» **DATA UNDER STUDY**:
##########

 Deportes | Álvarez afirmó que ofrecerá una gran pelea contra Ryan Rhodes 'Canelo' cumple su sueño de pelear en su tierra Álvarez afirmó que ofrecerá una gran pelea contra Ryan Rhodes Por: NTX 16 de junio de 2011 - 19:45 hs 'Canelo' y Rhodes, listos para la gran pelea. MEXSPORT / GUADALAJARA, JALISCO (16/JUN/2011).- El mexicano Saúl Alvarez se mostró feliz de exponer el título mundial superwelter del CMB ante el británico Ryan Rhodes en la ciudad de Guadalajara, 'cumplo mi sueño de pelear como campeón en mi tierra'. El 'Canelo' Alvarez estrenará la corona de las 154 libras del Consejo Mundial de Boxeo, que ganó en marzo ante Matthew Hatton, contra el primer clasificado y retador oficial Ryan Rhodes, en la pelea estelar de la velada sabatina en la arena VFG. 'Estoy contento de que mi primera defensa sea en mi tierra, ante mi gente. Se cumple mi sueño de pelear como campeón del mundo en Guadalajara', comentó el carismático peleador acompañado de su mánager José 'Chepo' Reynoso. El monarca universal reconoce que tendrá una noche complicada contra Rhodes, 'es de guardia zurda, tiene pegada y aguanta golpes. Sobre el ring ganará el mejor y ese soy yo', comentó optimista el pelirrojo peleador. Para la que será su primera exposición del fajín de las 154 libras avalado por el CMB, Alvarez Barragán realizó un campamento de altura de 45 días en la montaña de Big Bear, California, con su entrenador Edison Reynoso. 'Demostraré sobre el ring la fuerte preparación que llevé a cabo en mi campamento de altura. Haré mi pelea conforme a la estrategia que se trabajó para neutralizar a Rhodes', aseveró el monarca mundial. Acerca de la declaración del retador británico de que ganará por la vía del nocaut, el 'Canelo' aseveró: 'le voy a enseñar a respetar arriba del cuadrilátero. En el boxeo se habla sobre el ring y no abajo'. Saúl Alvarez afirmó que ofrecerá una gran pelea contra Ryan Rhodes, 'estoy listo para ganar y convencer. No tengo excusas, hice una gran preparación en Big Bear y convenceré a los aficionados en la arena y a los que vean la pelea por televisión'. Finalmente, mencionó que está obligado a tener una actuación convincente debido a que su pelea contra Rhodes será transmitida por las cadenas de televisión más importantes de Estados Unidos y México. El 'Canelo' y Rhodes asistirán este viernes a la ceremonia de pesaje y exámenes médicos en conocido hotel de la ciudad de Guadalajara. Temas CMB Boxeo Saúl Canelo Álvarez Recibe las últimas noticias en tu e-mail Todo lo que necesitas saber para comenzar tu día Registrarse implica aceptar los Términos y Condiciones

##########

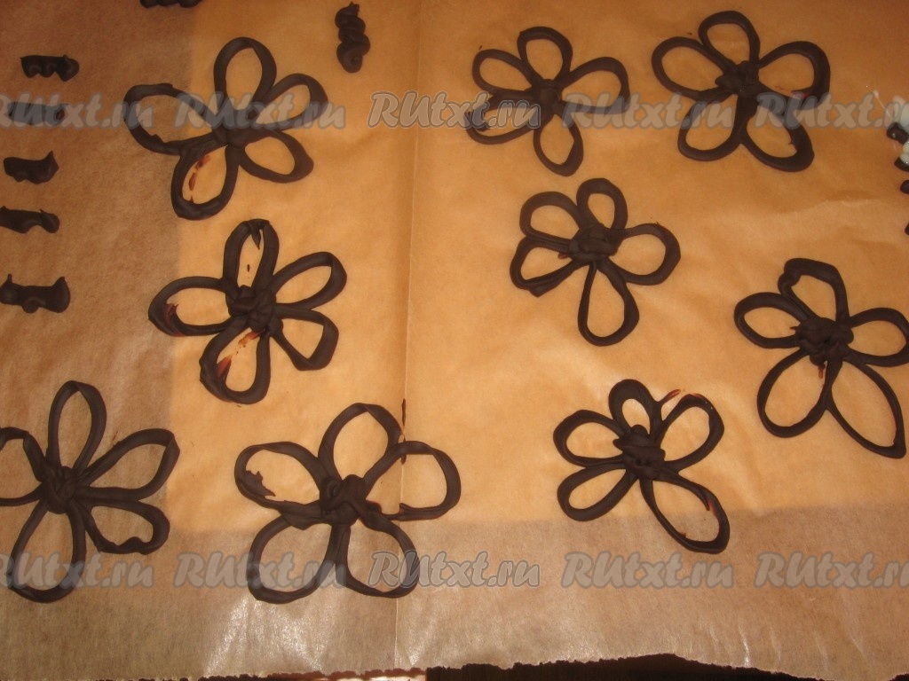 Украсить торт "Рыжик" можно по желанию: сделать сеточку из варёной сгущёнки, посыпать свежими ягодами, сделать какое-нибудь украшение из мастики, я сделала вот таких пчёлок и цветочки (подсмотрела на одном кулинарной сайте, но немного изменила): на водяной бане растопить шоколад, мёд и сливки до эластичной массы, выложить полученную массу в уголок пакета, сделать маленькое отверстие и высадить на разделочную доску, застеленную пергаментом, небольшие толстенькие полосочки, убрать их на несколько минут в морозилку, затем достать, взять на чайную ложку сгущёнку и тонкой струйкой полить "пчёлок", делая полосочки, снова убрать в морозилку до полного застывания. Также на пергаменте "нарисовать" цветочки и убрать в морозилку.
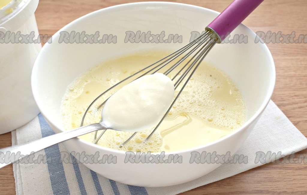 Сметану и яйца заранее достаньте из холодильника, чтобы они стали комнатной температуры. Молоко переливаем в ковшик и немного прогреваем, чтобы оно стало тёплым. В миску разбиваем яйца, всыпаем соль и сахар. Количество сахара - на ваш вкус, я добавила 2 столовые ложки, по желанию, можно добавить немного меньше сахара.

##########

» **WORK INSTRUCTIONS**: An exact copy of the lines above from the one with "убрать в морозилку." up to and including the one with "Сметану и яйца" is required; reproduce only those lines, omitting all pictures.

» **EXERCISE ANSWER**:
 Украсить торт "Рыжик" можно по желанию: сделать сеточку из варёной сгущёнки, посыпать свежими ягодами, сделать какое-нибудь украшение из мастики, я сделала вот таких пчёлок и цветочки (подсмотрела на одном кулинарной сайте, но немного изменила): на водяной бане растопить шоколад, мёд и сливки до эластичной массы, выложить полученную массу в уголок пакета, сделать маленькое отверстие и высадить на разделочную доску, застеленную пергаментом, небольшие толстенькие полосочки, убрать их на несколько минут в морозилку, затем достать, взять на чайную ложку сгущёнку и тонкой струйкой полить "пчёлок", делая полосочки, снова убрать в морозилку до полного застывания. Также на пергаменте "нарисовать" цветочки и убрать в морозилку.
 Сметану и яйца заранее достаньте из холодильника, чтобы они стали комнатной температуры. Молоко переливаем в ковшик и немного прогреваем, чтобы оно стало тёплым. В миску разбиваем яйца, всыпаем соль и сахар. Количество сахара - на ваш вкус, я добавила 2 столовые ложки, по желанию, можно добавить немного меньше сахара.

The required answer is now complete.